**Work task**
Please produce an exact copy of only the lines from the one with "Enhance your shower" through the last one of the material, without pictures.

**Given information**
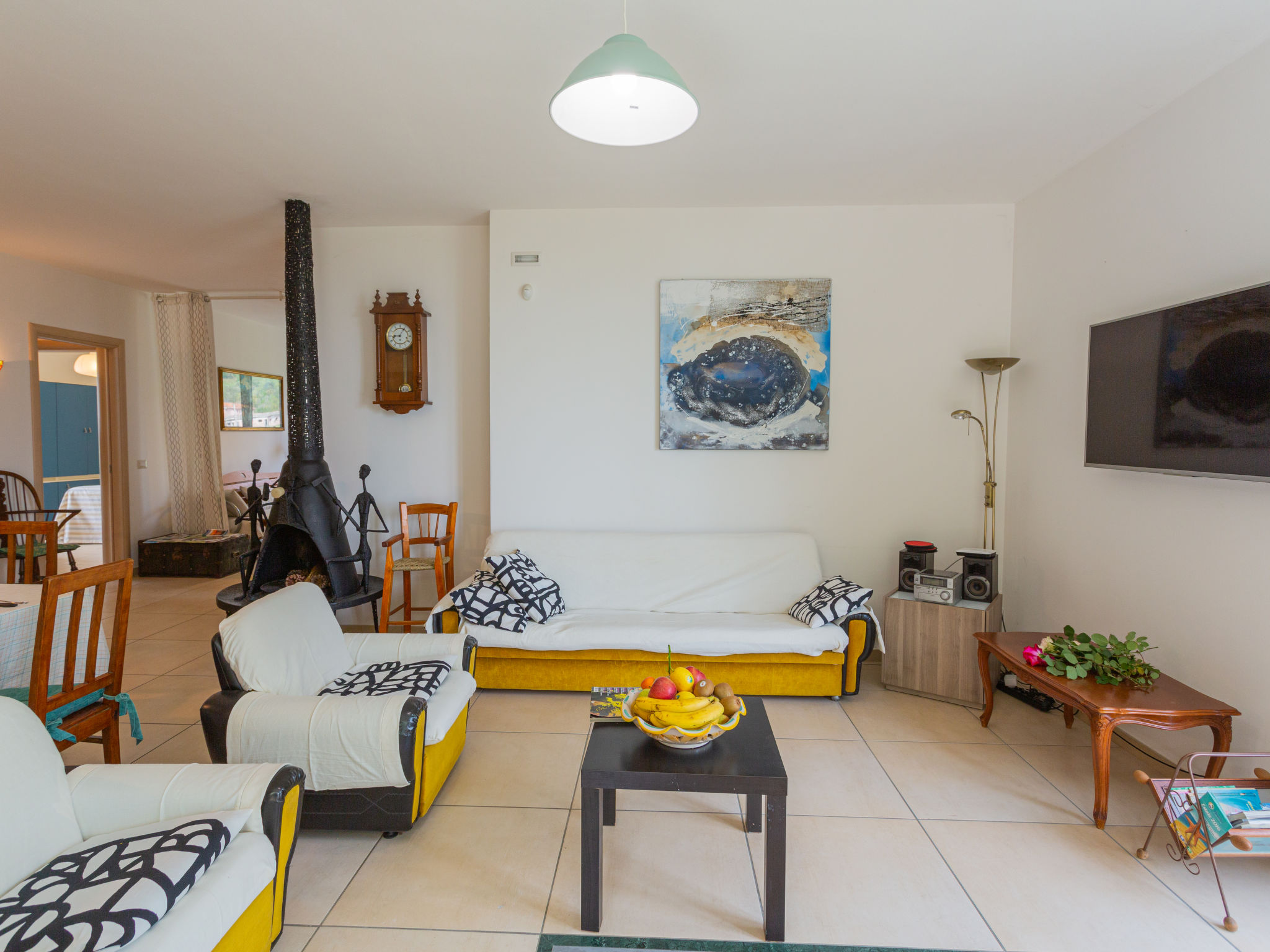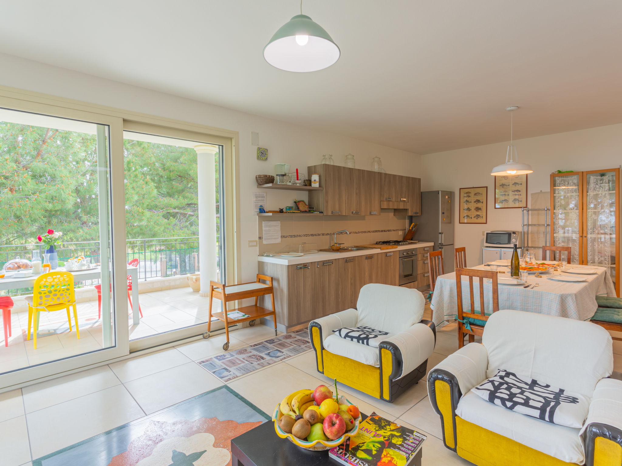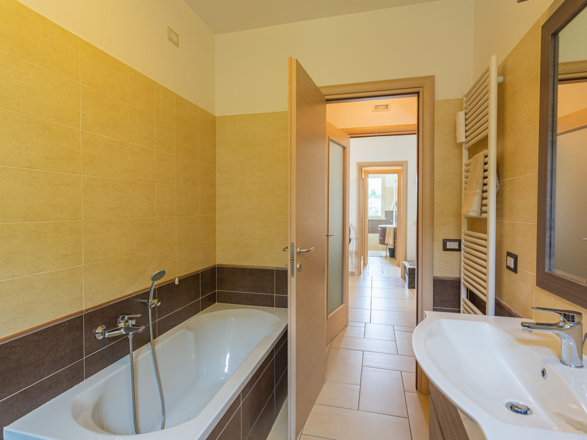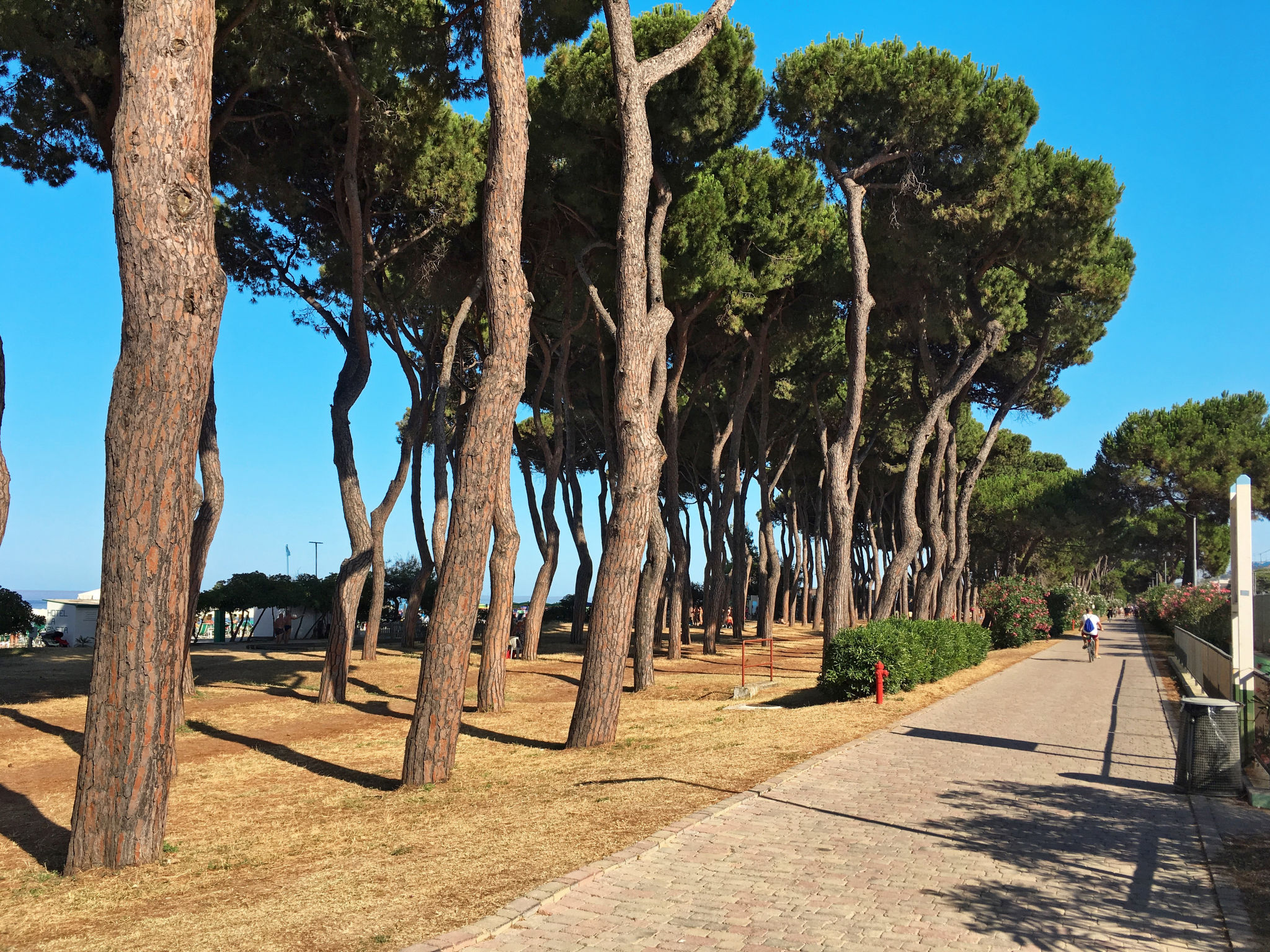 "Michela (PIT232)", 5-Zimmer-Haus 190 m2 auf 2 Stockwerken, Südostlage. Teilweise abgeschrägt, zweckmässig eingerichtet: Obergeschoss: grosses Wohn-/Schlafzimmer mit Vorhang mit 1 Doppeldiwanbett, Esstisch, Sat-TV und Radio. Ausgang zum Balkon. 2 Zimmer, jedes Zimmer mit 1 Doppelbett. Ausgang zum Balkon. Offene Küche (Backofen, Geschirrspüler, 5 Flammen, Toaster, Tiefkühler, elektrische Kaffeemaschine). Bad/WC, Dusche/WC. G-Heizung. Dachgeschoss: abgeschrägtes Wohn-/Schlafzimmer mit 2 Schlafmöglichkeiten, Esstisch, Sat-TV, Radio und Klimaanlage. Ausgang zur Terrasse. 1 abgeschrägtes Zimmer mit 1 franz. Bett (160 cm, Länge 190 cm), Klimaanlage. Ausgang zur Terrasse. Abgeschrägte, offene Küche (Backofen, Geschirrspüler, 4 Flammen, Toaster, elektrische Kaffeemaschine) mit Deckenhöhe 80 - 220 cm, Klimaanlage. Ausgang zur Terrasse. Bad/WC. G-Heizung. Grosser Balkon 20 m2, Terrasse 15 m2, Gartensitzplatz. Terrassenmöbel, Balkonmöbel, Gartengrill (mobil). Schöne Sicht auf das Meer und die Landschaft. Zur Verfügung: Waschmaschine, Babybett. Internet (Wireless LAN, gratis). 1 Haustier/Hund erlaubt. Keine interne Verbindung zwischen den Etagen.
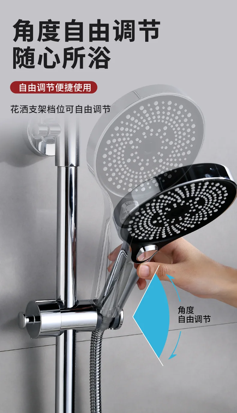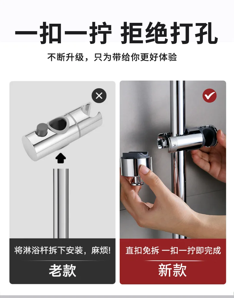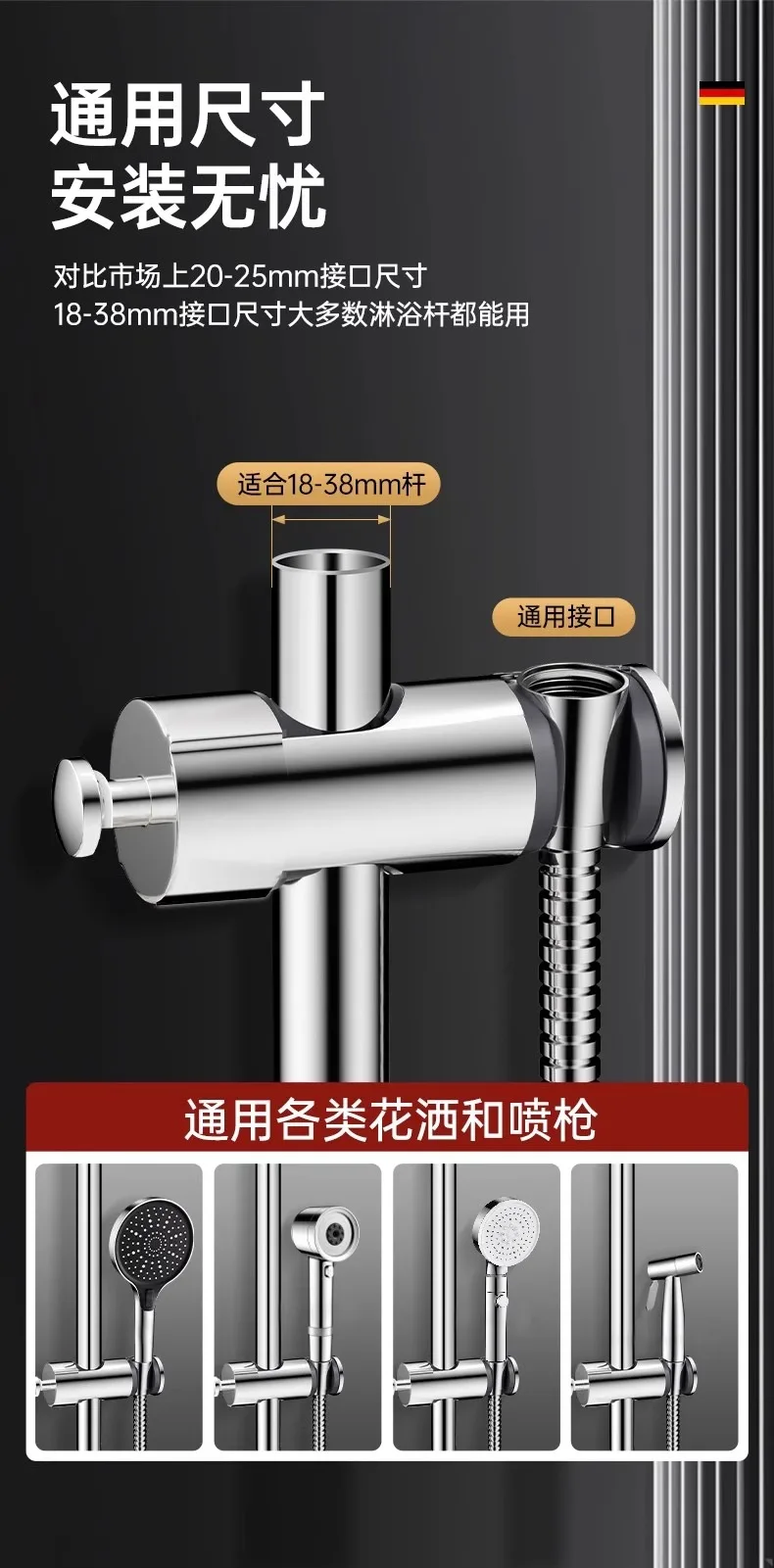 Enhance your shower experience with this adjustable hand shower bracket, compatible with slide bars between 16-27 mm in diameter. Crafted from chemical-free materials for safety, it features a sturdy, durable construction built for daily use. The sleek design includes a 360-degree rotating cradle, allowing for flexible water coverage and effortless adjustments. Available in modern black, grey, and silver finishes, this minimalist bracket seamlessly blends practicality with style. Its easy installation and seamless fit make it an ideal upgrade for any shower, providing reliable support and precise positioning for your hand shower, ensuring both comfort and convenience with every use.
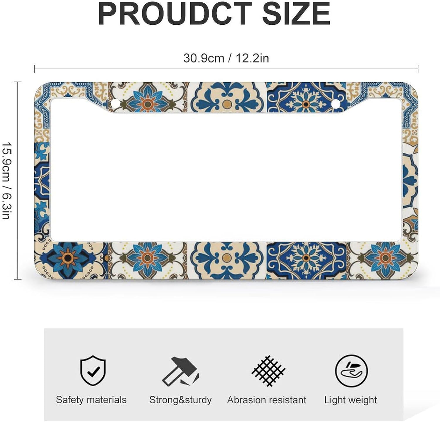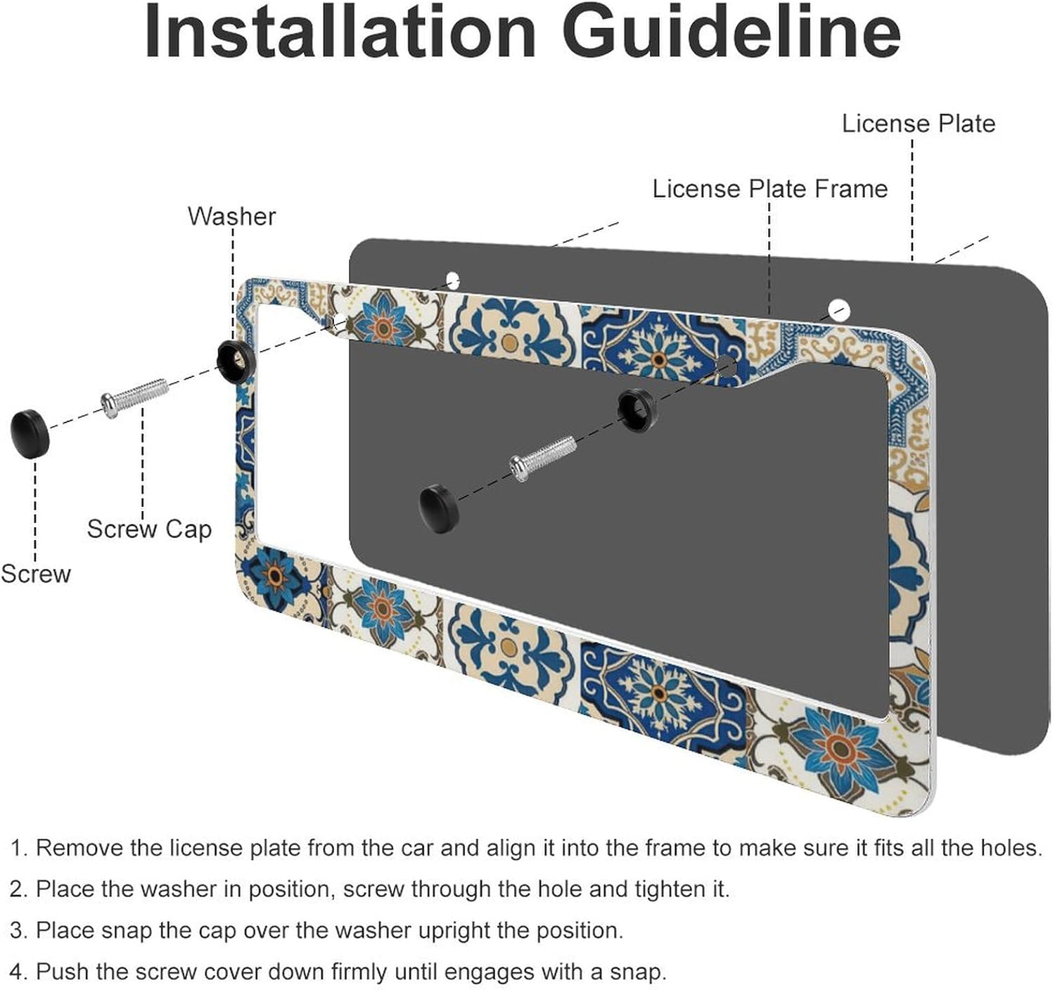 - ▶Quick Installation Design: Simply insert your license plate into the license plate holder and align the plate with the 2 holes on the frame for easy installation. The 2 Pieces aluminum boho mexican tile license plate frames accessories include 4 screw caps, 4 screws, 4 washers.

**Exercise result**
 Enhance your shower experience with this adjustable hand shower bracket, compatible with slide bars between 16-27 mm in diameter. Crafted from chemical-free materials for safety, it features a sturdy, durable construction built for daily use. The sleek design includes a 360-degree rotating cradle, allowing for flexible water coverage and effortless adjustments. Available in modern black, grey, and silver finishes, this minimalist bracket seamlessly blends practicality with style. Its easy installation and seamless fit make it an ideal upgrade for any shower, providing reliable support and precise positioning for your hand shower, ensuring both comfort and convenience with every use.
 - ▶Quick Installation Design: Simply insert your license plate into the license plate holder and align the plate with the 2 holes on the frame for easy installation. The 2 Pieces aluminum boho mexican tile license plate frames accessories include 4 screw caps, 4 screws, 4 washers.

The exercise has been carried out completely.